これはきっと、ことの発端が下着だからかもしれないし、登場人物に決して悪い人がいないからかもしれない。
なんとなーくあらすじをみて面白そうで買ってみたけど、素敵だった。
現代の風刺ぽさもありつつ、ポップな内容。
ストーリー性もコンパクトに纏まってて◎
Posted by ブクログ
急に新しい母親ができ、その上、年の近い弟もでき、しかもその弟がブラジャー好きで身につけている始末。まだ性同一障害であるなら受け入れる余地があろうが、そこはノンケ。
んー、自分だったらこの状況受け入れられるかな?と思うところ、そこは優しい主人公であるちぐさは、理解しようと努める。
なのにちょっと友達にブラジャー好きの弟を正確に伝えられずに妹と紹介し、怒られる始末。

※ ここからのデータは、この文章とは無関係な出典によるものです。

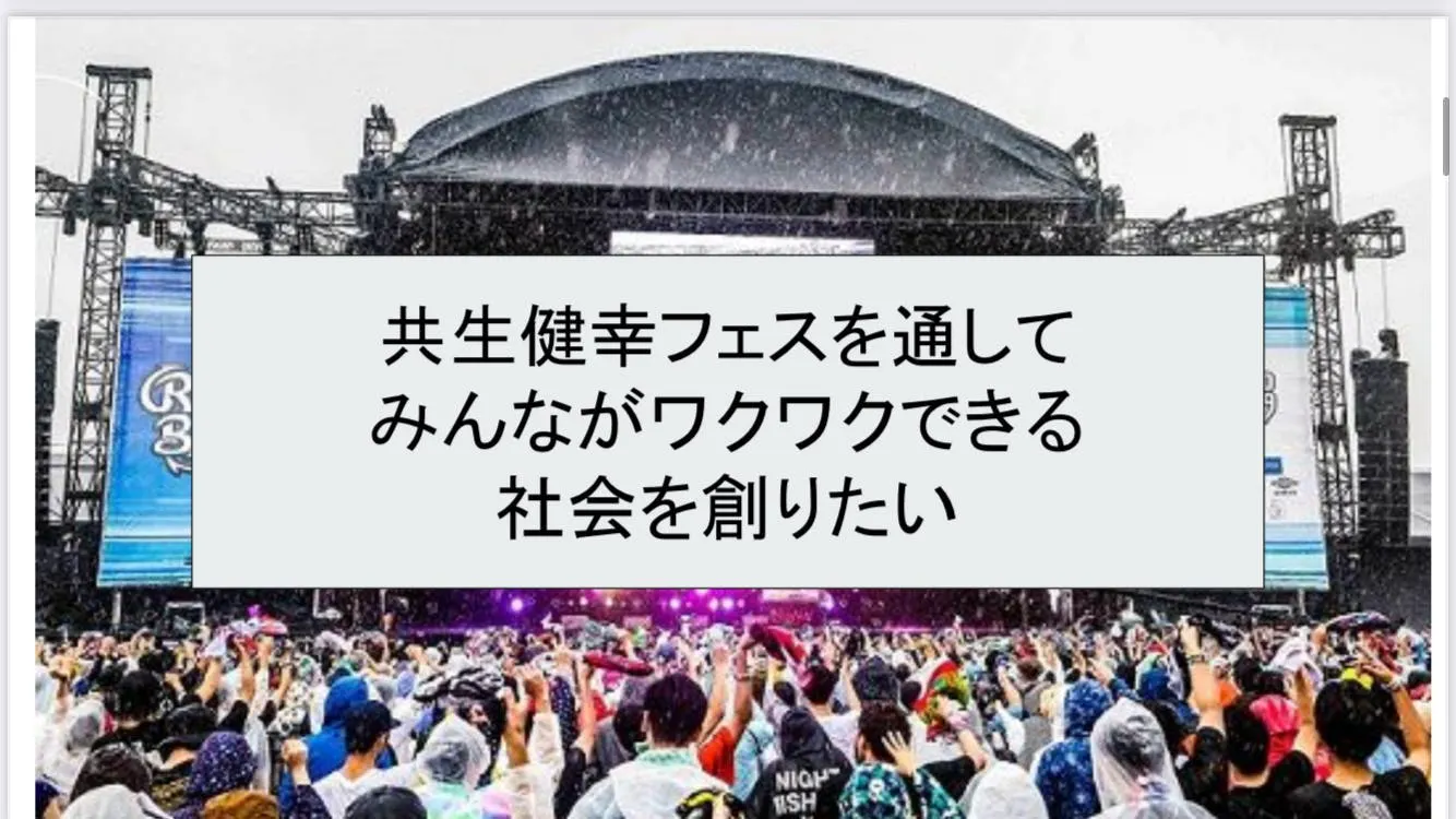 GOフェスは、“楽しい”という入り口から、社会の課題に触れるフェスです。障がい、医療、福祉、防災、教育、世代間交流…そんなキーワードが、自然に交わる空間を、みんなで育てていきたい。そして3年後には、泉大津フェニックスで1万人が集う健幸共生ユニバーサルフェスへ。この挑戦に、どうかあなたの応援をお願いいたします。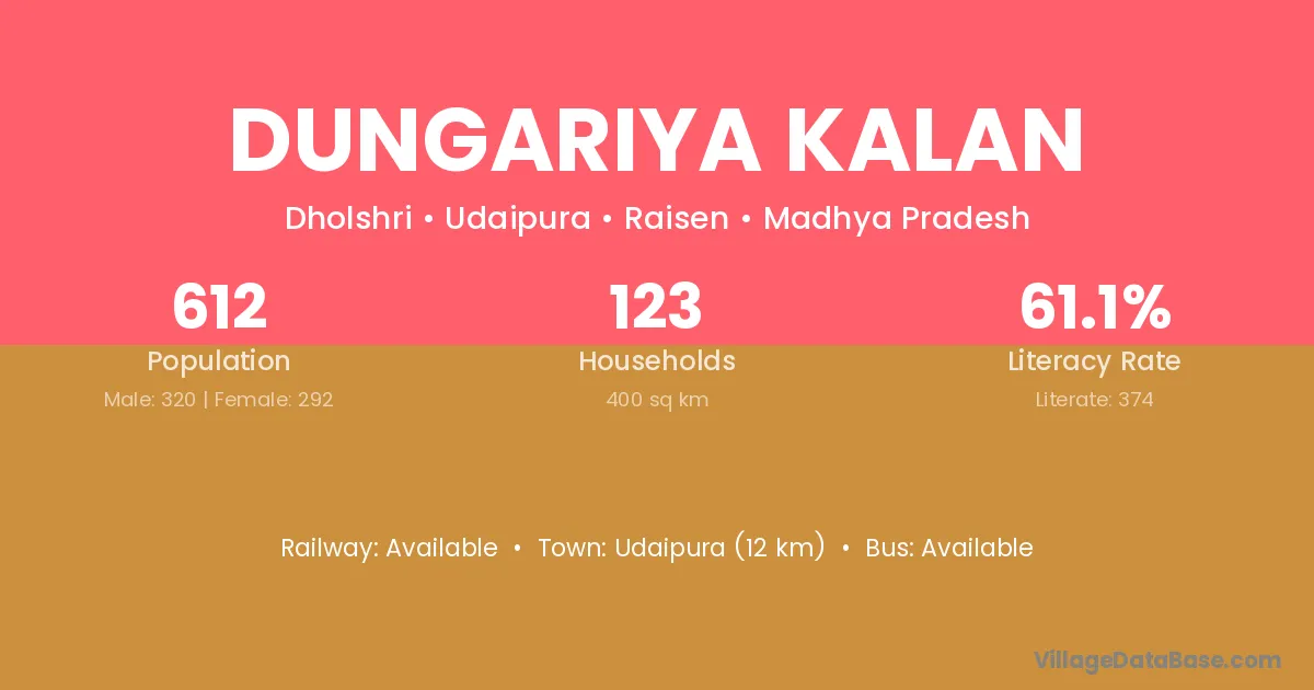 Dungariya Kalan village has a total population of 255 people, of which 135 are males and 120 are females.

自分(弟)の前ではブラジャー好きを理解したように言ってたくせに、他人の前ではやっぱり隠そうとする的な感じで言われるが、そらそうやろと思うわけです。
そら嫌やろ隠すやろ、何でも受け入れてやらなきゃいけない世の中についていけなくなってきている初老です。
Posted by ブクログ
「ふつう」でないことに寛容的であることが求められがちだけれど、本当は相手の「好き」を受け入れることが大切なのではないか。

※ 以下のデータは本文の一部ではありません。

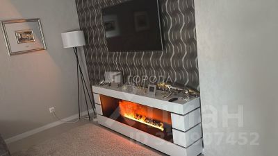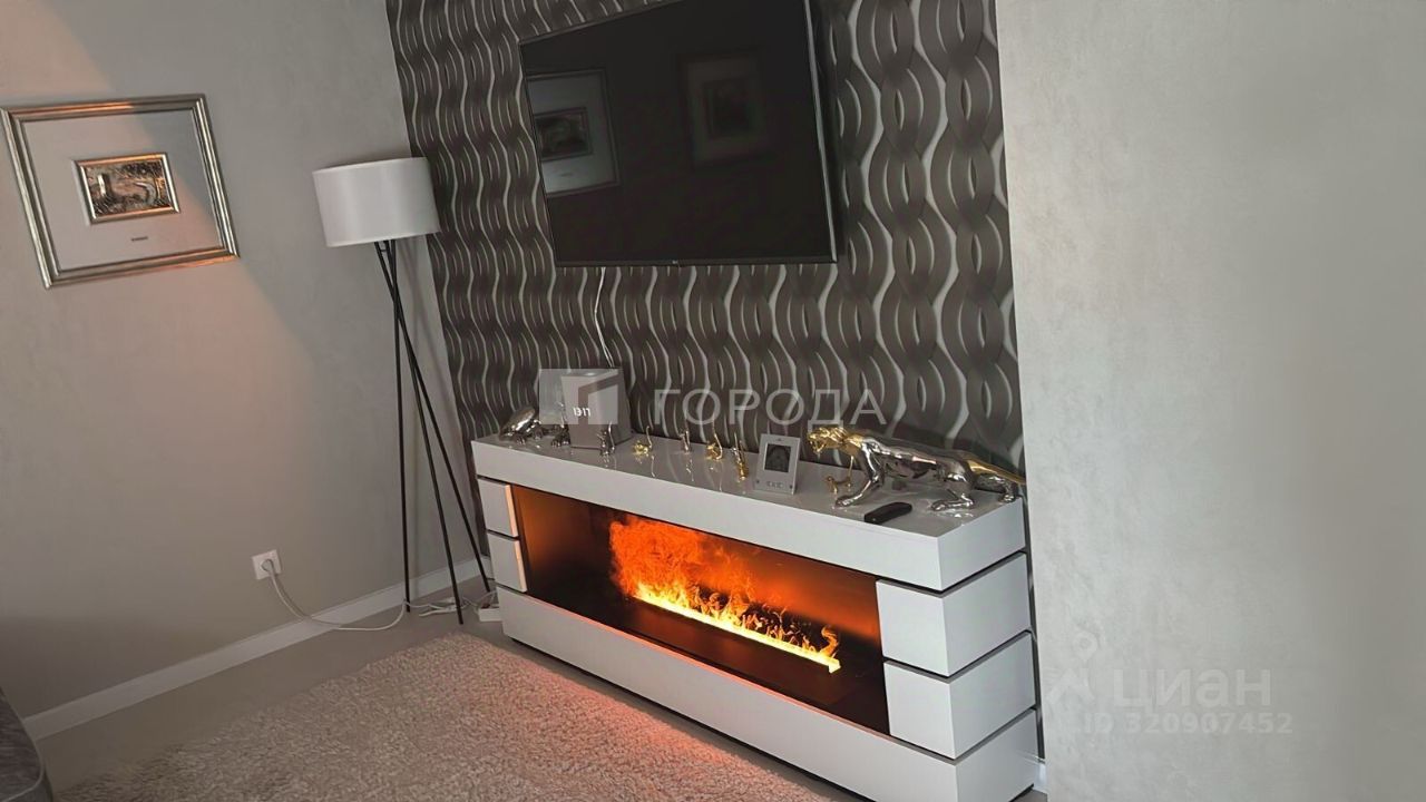 - Большая комната - гостиная, в ней два окна. На потолке натяжные потолки, на стенах флизелиновые обои, на полу ПВХ плитка. Удобный новый диван , ТВ, зона для работы. Уютный водяной камин с имитацией потрескивания дров создаст дополнительный комфорт. Также установлена система очистки воздуха ("Тион").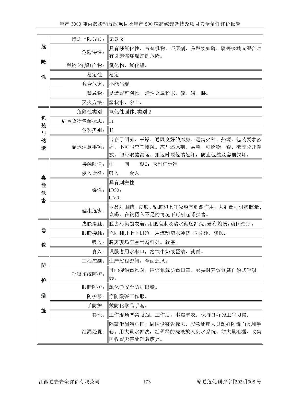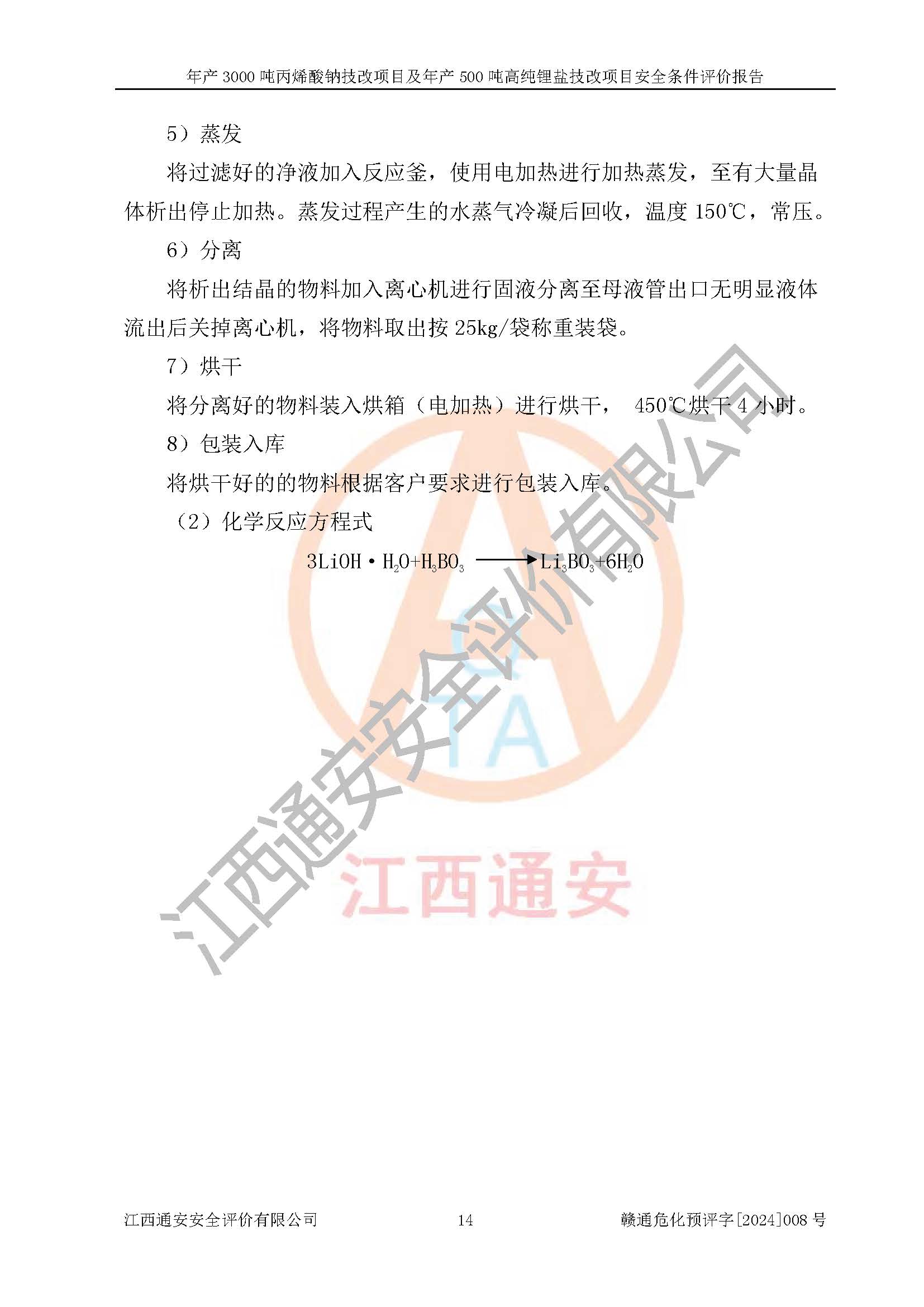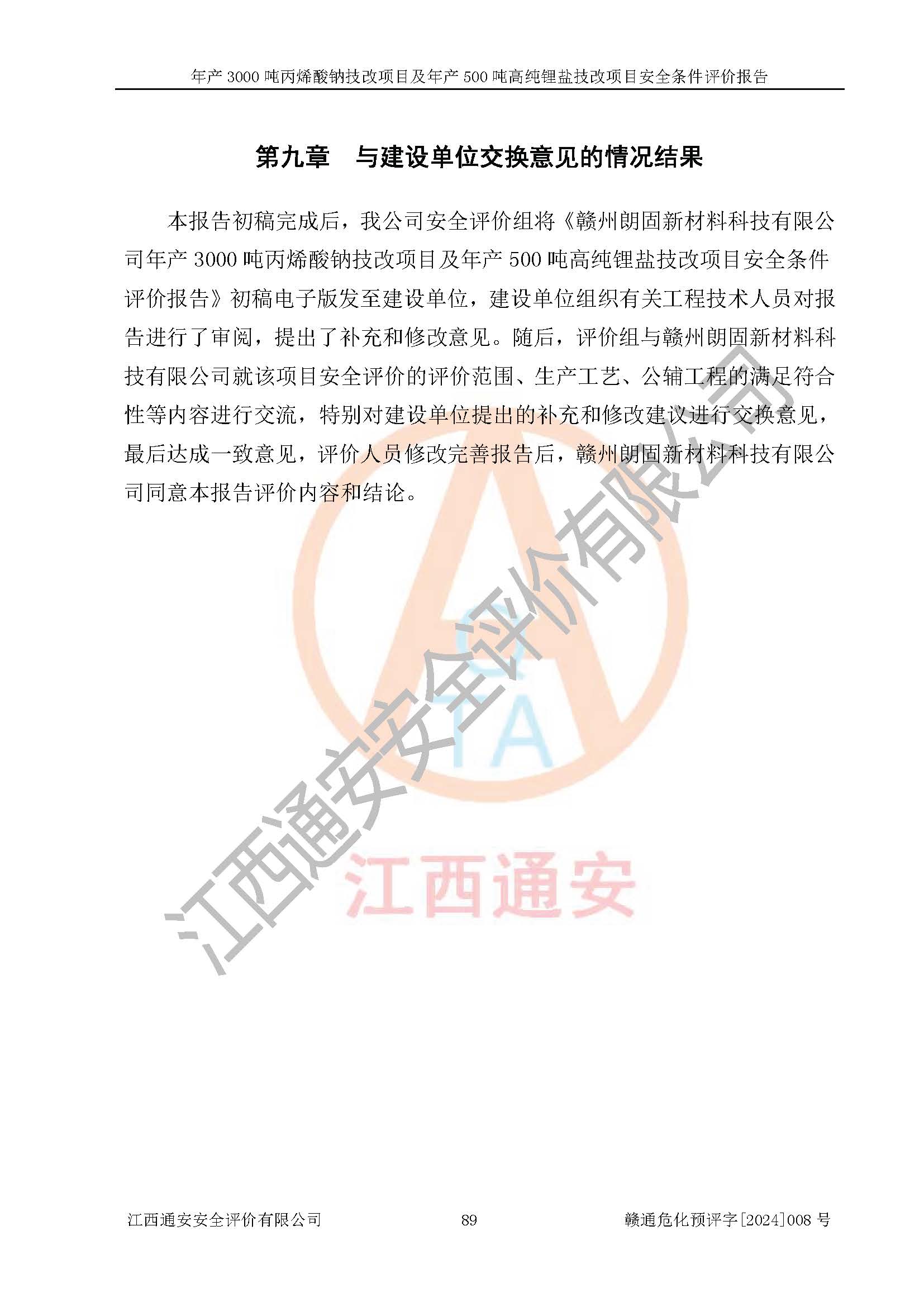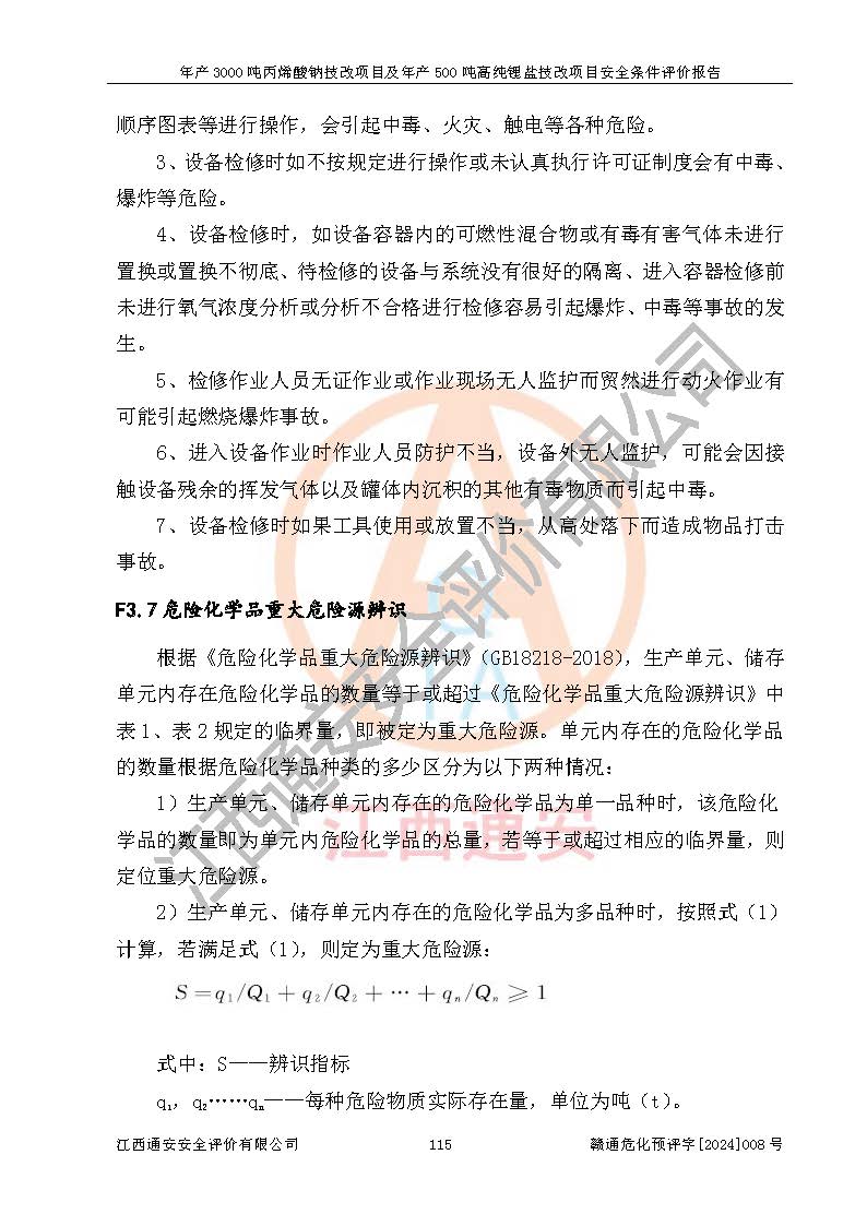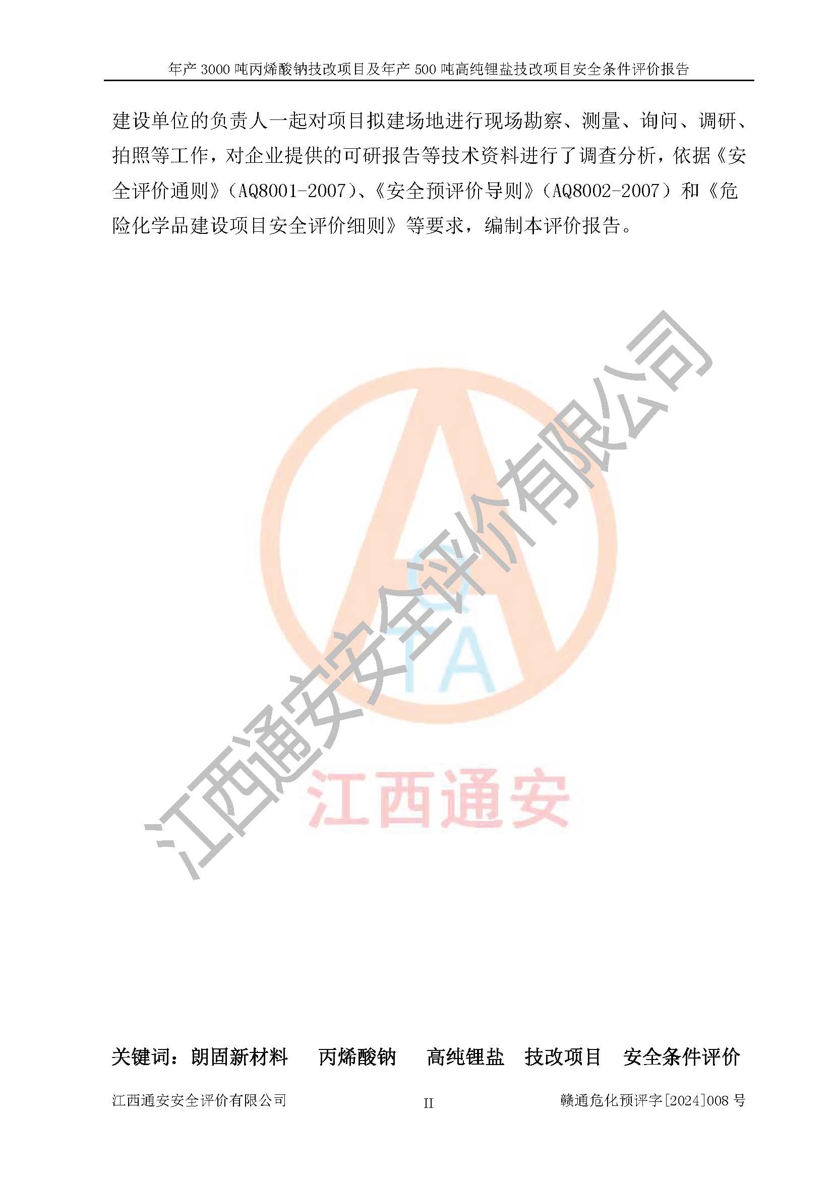 評價報告名稱 | 贛州朗固新材料科技有限公司年產(chǎn)3000噸丙烯酸鈉技改項目及年產(chǎn)500噸高純鋰鹽技改項目安全條件評價報告 | |||

自分の本当に「好き」なものはなかなか他人には話しにくい。
受け入れてもらえないと傷ついてしまうだろうから。
再婚をきっかけに姉弟となったちぐさと晴彦は、家族になりきれていなくどこかぎくしゃくとしていたが、晴彦の「ふつう」でない秘密を共有したことで親密になっていく。
他人というには近すぎて、家族というには遠すぎる曖昧な関係だからこそ、自分の本当の思いを打ち明けやすいのかもしれない。
中高生特有の精神の不安定を抱えながらも、2人の向き合う誠意と真っ直ぐな気持ちが青春の青々しさを感じ清々しかった。
Posted by ブクログ
初めての作家さん、非常によかった。
再婚でできた姉弟。なんとなくで仲直りなんて無理な脆い繋がりの家族。
思春期同士の姉弟がこんなにも心を開けるのだろうか。
多感で繊細な時期の友情や恋人関係、
こんなにもお互いが自分を出して、相手を受け入れられるのだろうか。
と、若干現実離れは否めないものの。
でも、こんなにも人と人とがぶつかり合って
認め合えたら、いい関係を築けるだろうなとも思った。
普通よりも、好きを大切にする。
そりゃそーでしょ!と、思いながらも
人目や建前を気にして、なかなか実行できない世の中だから
晴彦の真剣さや、素直さがかっこいい。
好きだって気持ちを大事にしたい。
正しくなくても、合ってなくても、好きを手放したくない。
うそにしたくない。
苦しみも悔しさも、嫌いになりそうな気持ちもぜんぶひっくるめて
好きなのを大事にしたい。
それを好きだって思う、自分の気持ちを大事にして、生きていきたいんだ。
Posted by ブクログ
よかった。
片親同士が再婚して姉弟となった、ちぐさと晴彦。その2人が少しずつ家族になっていくお話。
自分のまっすぐ気持ちを伝えるとか、気まずくても自分の非を認めて謝るとか、恥ずかしかったり億劫だったり怖くて勇気が要ったりするけれど大事なことを改めて教えられた。
互いにいろんなものを抱えながらぶつかりあってわかりあっていく姉弟の姿がよかった。
☆4.0
Posted by ブクログ
疾走感を漂わせるとても軽快な作品でした。
急に家族が増えた高校生のちぐさは、新たに
増えた弟の晴彦がある日ブラジャーを着けているところに遭遇した。
「理解」が、なかなか難しい世の中で、どう向き合うのか、新たな家族に向き合い方を知らされる
作品です。
青春感がページを捲るたびにより濃厚に感じられました。